Eliyle yıldızları gösterdi. Sırtüstü uzandı toprağa. Ellerini başının altına koyan adamın sol yanıydı artık, gördklerini anlatmaya başladı: "Denizin dalgalarını
görüyor musun? Birazdan kıyıdaki şu taşları kaldıracak yerinden. Özellikle şu kırmızı çizgili olan taş. Bir genç çift bulacak onu başka bir kıyıda, isimlerini
kazıyacaklar üzerine. Evlerinin bir köşesinde unutmaya terkedecekler. Bak, ne güzel bir kitap, görüyor musun? Les 120 journees de sodome. Okuyamadın sen bunu. Ben sana
anlatırım. Şelalenin çıkardığı sesleri duyuyor musun? Sanki üzerimize dökülecek gökyüzünden. Boğulmayız. Ben de yüzme bilmiyorum ama olsun. Suyun üzerine bırakalım
kendimizi, kaderimizi o çizsin ne dersin? Tamam. Hey, parmağımı takip et ve kulaklarını aç. Duyuyor musun melodiyi? chris Rea - You're my love. Şu gitar ne kadar da güzel
asılmış yıldızlar arasında. Kimse kaldırmamalı onu." Yavaşça soluğu kesildi kadının. Nefes almaya ihtiyacı vardı. Sağına döndü ve anlattıklarını dinleyen adamın
dudaklarına bıraktı kendini. Islanmaya başladı tüm vücudu tepeden tırnağa. Sahip olduğu tüm ağırlığı adama verdi. Kalçalarını saran dar pantolonu üzerinden bedenini
avuçlayan ellere dokundu. kabarık saçlarını adamın yüzünde gezdirdi, küçük çenesini ısırdı. Düşmek için can atan hırkayı fırlattı kenardaki taşın üzerine. Belinden
yukarı doğru sıyırdığı siyah ince tişörtü de onun yanına. Omuzlarından her iki yana doğru sütyenin askılarını çekmek de adamın vazifesiydi. Yerine getirdi. Bir nefes
alacak kadar kısa zamanda ayağa kalktı kadın ve pantolonunu çıkardı adamla aynı anda. Yeniden eğildi ve sırtını toprağa verdi. Adam iki bacak arasından kadına bakarken
kadının soğuktan ürperen teni gözeneklerini belli ediyordu. Adam kadının sol bacağını omzuna kadar kaldırdı. Yumuşak etlerini koca ısırıklarla acıttı. Külodunun bacak
arasına gelen kısmını tuttu. Yer altından maden çıkaran işçilerin hırsıyle çekti ve iki parça olmuş bu çamaşır artık kullanılamazdı. Doğal olmalıydı her şey.

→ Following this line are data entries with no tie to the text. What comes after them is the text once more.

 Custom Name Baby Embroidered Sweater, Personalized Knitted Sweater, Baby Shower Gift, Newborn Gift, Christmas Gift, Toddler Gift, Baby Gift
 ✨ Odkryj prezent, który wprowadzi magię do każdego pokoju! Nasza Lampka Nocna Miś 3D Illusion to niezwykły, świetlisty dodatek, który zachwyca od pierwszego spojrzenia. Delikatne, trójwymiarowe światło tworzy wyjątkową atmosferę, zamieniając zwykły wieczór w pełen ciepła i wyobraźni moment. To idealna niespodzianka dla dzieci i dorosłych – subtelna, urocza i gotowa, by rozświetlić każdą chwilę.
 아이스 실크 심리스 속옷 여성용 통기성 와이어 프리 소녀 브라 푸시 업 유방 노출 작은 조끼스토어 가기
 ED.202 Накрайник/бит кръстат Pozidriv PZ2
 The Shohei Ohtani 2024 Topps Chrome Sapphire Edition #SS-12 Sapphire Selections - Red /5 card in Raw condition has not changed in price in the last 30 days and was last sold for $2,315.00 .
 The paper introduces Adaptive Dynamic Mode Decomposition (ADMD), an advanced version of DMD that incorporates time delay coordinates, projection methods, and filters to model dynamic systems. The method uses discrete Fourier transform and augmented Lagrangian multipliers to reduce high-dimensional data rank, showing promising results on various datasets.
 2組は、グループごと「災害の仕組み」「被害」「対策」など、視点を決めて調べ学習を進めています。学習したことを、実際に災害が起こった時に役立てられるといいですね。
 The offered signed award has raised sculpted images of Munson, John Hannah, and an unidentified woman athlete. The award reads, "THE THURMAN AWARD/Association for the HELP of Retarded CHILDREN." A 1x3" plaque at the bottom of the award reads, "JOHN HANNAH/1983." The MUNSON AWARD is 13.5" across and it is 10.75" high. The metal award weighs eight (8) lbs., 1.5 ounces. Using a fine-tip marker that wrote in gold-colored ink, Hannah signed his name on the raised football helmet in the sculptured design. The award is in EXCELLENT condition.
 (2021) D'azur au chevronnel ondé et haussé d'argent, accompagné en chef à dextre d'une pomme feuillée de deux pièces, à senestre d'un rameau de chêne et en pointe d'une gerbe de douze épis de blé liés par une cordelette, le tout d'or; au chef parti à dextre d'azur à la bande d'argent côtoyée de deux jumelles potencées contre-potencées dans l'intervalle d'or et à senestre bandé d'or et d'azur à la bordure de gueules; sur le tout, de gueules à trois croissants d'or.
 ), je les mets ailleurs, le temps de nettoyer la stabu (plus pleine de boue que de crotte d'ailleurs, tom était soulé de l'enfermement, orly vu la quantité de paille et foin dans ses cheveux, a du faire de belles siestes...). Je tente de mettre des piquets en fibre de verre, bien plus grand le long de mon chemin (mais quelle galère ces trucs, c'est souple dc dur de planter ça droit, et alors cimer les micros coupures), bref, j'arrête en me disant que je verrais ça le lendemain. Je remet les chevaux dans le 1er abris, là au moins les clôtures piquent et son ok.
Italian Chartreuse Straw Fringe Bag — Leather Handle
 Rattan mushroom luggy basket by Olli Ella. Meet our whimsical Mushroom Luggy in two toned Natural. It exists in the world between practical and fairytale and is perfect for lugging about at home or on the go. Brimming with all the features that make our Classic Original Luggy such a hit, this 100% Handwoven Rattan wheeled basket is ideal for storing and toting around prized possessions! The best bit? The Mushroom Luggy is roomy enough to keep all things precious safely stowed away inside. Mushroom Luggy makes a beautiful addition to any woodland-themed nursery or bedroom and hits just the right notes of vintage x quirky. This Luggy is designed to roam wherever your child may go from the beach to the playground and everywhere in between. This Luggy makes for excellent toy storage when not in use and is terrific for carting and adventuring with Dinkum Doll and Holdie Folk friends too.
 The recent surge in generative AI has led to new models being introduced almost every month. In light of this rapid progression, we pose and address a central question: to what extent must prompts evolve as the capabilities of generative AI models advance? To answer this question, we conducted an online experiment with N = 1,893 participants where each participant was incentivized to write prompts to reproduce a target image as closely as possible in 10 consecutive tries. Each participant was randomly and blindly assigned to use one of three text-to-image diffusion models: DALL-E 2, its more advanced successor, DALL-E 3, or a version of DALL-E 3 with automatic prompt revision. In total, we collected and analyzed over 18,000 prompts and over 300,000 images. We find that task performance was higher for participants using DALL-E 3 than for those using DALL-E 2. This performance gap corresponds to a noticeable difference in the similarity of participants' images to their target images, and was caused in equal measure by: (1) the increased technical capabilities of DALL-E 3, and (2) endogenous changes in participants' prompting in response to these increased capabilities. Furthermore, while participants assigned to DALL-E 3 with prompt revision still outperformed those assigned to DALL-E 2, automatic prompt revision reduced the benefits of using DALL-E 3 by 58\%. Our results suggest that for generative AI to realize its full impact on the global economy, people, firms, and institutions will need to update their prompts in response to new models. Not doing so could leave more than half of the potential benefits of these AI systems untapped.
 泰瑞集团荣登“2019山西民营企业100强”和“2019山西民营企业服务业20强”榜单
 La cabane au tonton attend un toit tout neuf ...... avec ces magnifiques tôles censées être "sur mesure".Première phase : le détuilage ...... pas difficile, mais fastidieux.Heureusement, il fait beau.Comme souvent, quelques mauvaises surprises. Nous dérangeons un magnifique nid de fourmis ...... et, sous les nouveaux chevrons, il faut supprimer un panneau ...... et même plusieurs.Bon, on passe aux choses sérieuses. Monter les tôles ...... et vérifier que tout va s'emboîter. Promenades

Kadın adamın üzerindekileri yırtarcasına söktü. "Gel" diyebildi sadece. Ensesinden tuttuğu suratı öperken, içindeki yangınları söndürmeye çalışan bir uzuv vardı adamdan.
Sadece dudaklarını aralık bırakabildi. şimdiye kadar uzaklaştırılmış, yok sayılmış tüm çığlıkların dışarı çıkması için. Göğe doğru çıkan bu sesler hiç inmemek üzere yol
alıyordu yukarı doğru. Ahlar birbirini takip ederken kadın ayaklarını adamın belinde birleştirdi ve uzaktan ona baktı. Omuzlarına, başını koymak için can attığı
göğsüne, kasıklarına, ellerine. Bu güzergahtaki tüm mola yerleri onundu. Parmak uçlarıyla gezdi üzerlerinde , damı kışkırtmaya devam ederken. Bir birleşme daha. Bir tekleşme
daha istedi. Tırnaklarını geçirdiği buğday sırt yanarken, dudaklarıyla sarhoş ettiği vücuda hayran kaldı. Adamın tek eli sol göğsüne indi kadının, dişleri ise sağ
göğsüne. Titreyen her milim doku aşkla yandı, eridi. ve adam ateşin üzerine en tatlı suyu bırakmıştı. ikisi beraber sönmeye başladılar.
*
Vedaları beceremeyen bir insan olarak adamın üzüntüsü boğazına peşi sıra dizilmiş yumruklardan belli oluyordu. Ağlaması için insanların dokunmaları fazla bile
gelecekti. Teknolojiyi geliştiren her bir bilim adamına lanetler okudu, şimdi bir parçası uçağın camından kendini izlerken. Wright kardeşler keşke tek yönlü uçak
yapabilseydi. Gelen ama gidemeyen. Adam sadece bakabildi. Bıraksalar tek hamlede bu eski model uçağı paramparça edebilir ve kendine ait olanı alarak oradan
uzaklaşırdı. Ardına bile bakmadan. Göğe bıraktıkları haykırışlarla tapusunu aldılar dağların. Dağlar onlarındı.